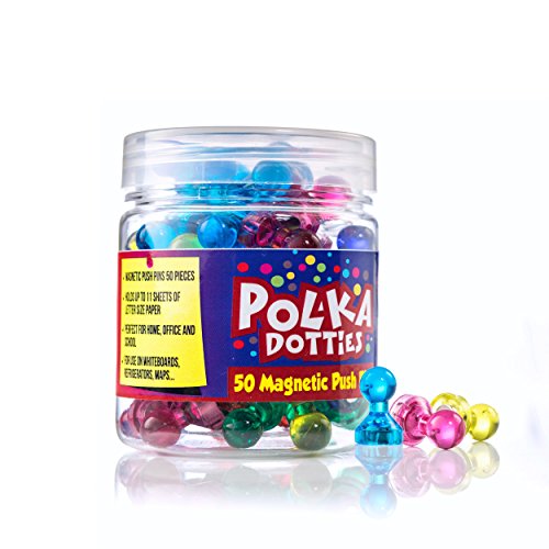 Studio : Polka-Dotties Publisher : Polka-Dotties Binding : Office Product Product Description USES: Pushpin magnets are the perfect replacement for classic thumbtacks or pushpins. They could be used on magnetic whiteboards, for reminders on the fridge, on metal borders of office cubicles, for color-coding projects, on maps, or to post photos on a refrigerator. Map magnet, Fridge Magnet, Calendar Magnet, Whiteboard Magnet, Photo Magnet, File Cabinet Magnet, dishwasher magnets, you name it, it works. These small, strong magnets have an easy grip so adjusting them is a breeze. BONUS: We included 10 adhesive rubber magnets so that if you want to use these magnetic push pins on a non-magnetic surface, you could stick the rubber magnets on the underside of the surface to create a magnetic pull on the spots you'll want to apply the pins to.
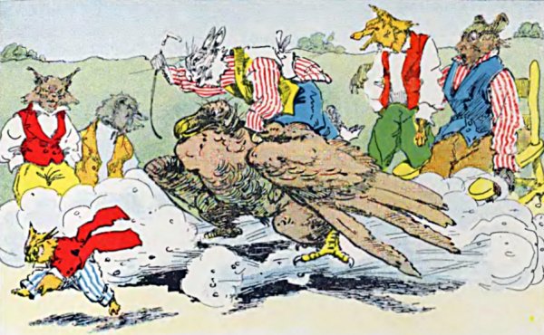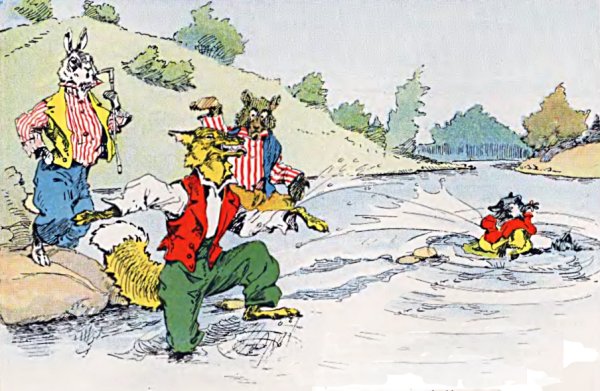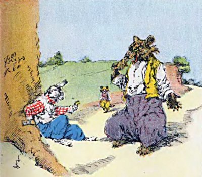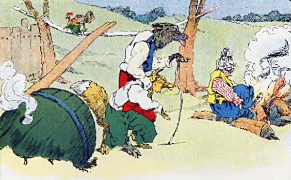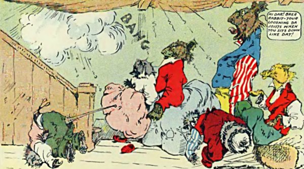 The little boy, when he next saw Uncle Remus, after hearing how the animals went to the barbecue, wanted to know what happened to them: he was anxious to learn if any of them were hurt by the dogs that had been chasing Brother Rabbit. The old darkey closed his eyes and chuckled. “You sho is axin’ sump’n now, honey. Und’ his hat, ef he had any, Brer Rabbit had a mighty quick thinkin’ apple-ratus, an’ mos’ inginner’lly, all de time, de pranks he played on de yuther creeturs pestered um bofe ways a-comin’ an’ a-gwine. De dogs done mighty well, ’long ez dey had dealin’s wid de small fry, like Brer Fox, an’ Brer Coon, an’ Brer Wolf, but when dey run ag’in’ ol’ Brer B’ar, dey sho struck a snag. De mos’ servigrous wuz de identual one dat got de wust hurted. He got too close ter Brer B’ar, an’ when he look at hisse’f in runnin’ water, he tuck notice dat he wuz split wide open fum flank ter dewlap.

...

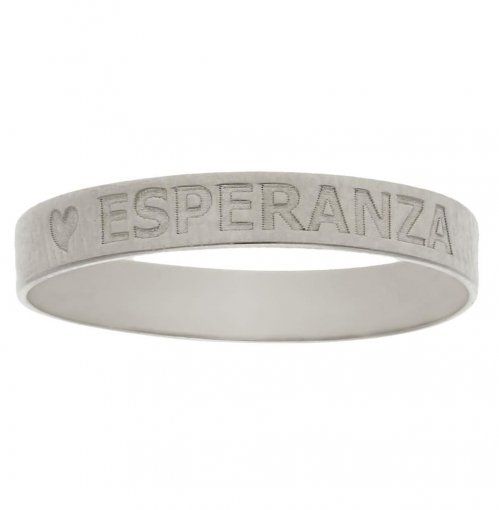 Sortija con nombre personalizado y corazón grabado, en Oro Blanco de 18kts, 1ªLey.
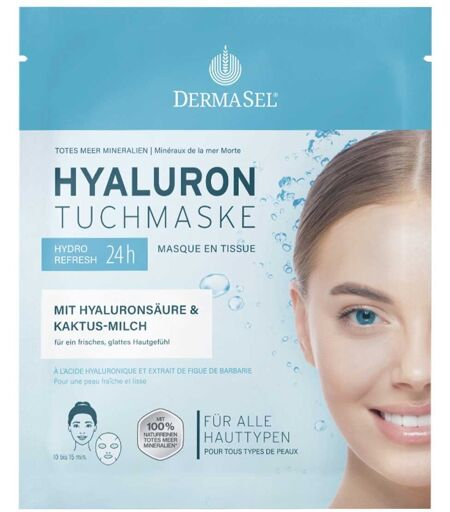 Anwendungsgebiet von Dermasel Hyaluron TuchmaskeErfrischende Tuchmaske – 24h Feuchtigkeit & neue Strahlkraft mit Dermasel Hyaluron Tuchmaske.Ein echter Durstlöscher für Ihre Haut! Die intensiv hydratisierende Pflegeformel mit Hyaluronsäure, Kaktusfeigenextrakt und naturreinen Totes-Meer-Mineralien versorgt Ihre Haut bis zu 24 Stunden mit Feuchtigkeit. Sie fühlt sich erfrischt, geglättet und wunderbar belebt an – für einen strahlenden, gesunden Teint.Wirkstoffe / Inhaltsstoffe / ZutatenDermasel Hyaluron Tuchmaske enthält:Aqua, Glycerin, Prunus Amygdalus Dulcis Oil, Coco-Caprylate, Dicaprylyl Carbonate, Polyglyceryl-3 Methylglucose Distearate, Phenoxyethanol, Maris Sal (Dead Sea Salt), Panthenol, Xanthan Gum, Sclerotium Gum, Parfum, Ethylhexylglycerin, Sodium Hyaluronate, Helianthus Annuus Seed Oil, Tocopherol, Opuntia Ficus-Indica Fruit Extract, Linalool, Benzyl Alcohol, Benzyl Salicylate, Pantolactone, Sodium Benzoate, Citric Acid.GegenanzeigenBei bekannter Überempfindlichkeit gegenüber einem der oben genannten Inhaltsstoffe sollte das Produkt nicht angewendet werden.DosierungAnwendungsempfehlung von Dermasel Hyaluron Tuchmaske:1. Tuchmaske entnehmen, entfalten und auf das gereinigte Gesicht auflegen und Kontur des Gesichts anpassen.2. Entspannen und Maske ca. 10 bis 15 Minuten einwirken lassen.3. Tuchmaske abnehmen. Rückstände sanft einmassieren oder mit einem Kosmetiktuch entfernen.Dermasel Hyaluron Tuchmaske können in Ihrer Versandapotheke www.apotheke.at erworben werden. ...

* Exercise *
Within the listing above, extract exactly the lines that run from the one containing "Studio : Polka-Dotties" through the one containing "The little boy, when", excluding any pictures.

* The completed task *
 Studio : Polka-Dotties Publisher : Polka-Dotties Binding : Office Product Product Description USES: Pushpin magnets are the perfect replacement for classic thumbtacks or pushpins. They could be used on magnetic whiteboards, for reminders on the fridge, on metal borders of office cubicles, for color-coding projects, on maps, or to post photos on a refrigerator. Map magnet, Fridge Magnet, Calendar Magnet, Whiteboard Magnet, Photo Magnet, File Cabinet Magnet, dishwasher magnets, you name it, it works. These small, strong magnets have an easy grip so adjusting them is a breeze. BONUS: We included 10 adhesive rubber magnets so that if you want to use these magnetic push pins on a non-magnetic surface, you could stick the rubber magnets on the underside of the surface to create a magnetic pull on the spots you'll want to apply the pins to.
 The little boy, when he next saw Uncle Remus, after hearing how the animals went to the barbecue, wanted to know what happened to them: he was anxious to learn if any of them were hurt by the dogs that had been chasing Brother Rabbit. The old darkey closed his eyes and chuckled. “You sho is axin’ sump’n now, honey. Und’ his hat, ef he had any, Brer Rabbit had a mighty quick thinkin’ apple-ratus, an’ mos’ inginner’lly, all de time, de pranks he played on de yuther creeturs pestered um bofe ways a-comin’ an’ a-gwine. De dogs done mighty well, ’long ez dey had dealin’s wid de small fry, like Brer Fox, an’ Brer Coon, an’ Brer Wolf, but when dey run ag’in’ ol’ Brer B’ar, dey sho struck a snag. De mos’ servigrous wuz de identual one dat got de wust hurted. He got too close ter Brer B’ar, an’ when he look at hisse’f in runnin’ water, he tuck notice dat he wuz split wide open fum flank ter dewlap.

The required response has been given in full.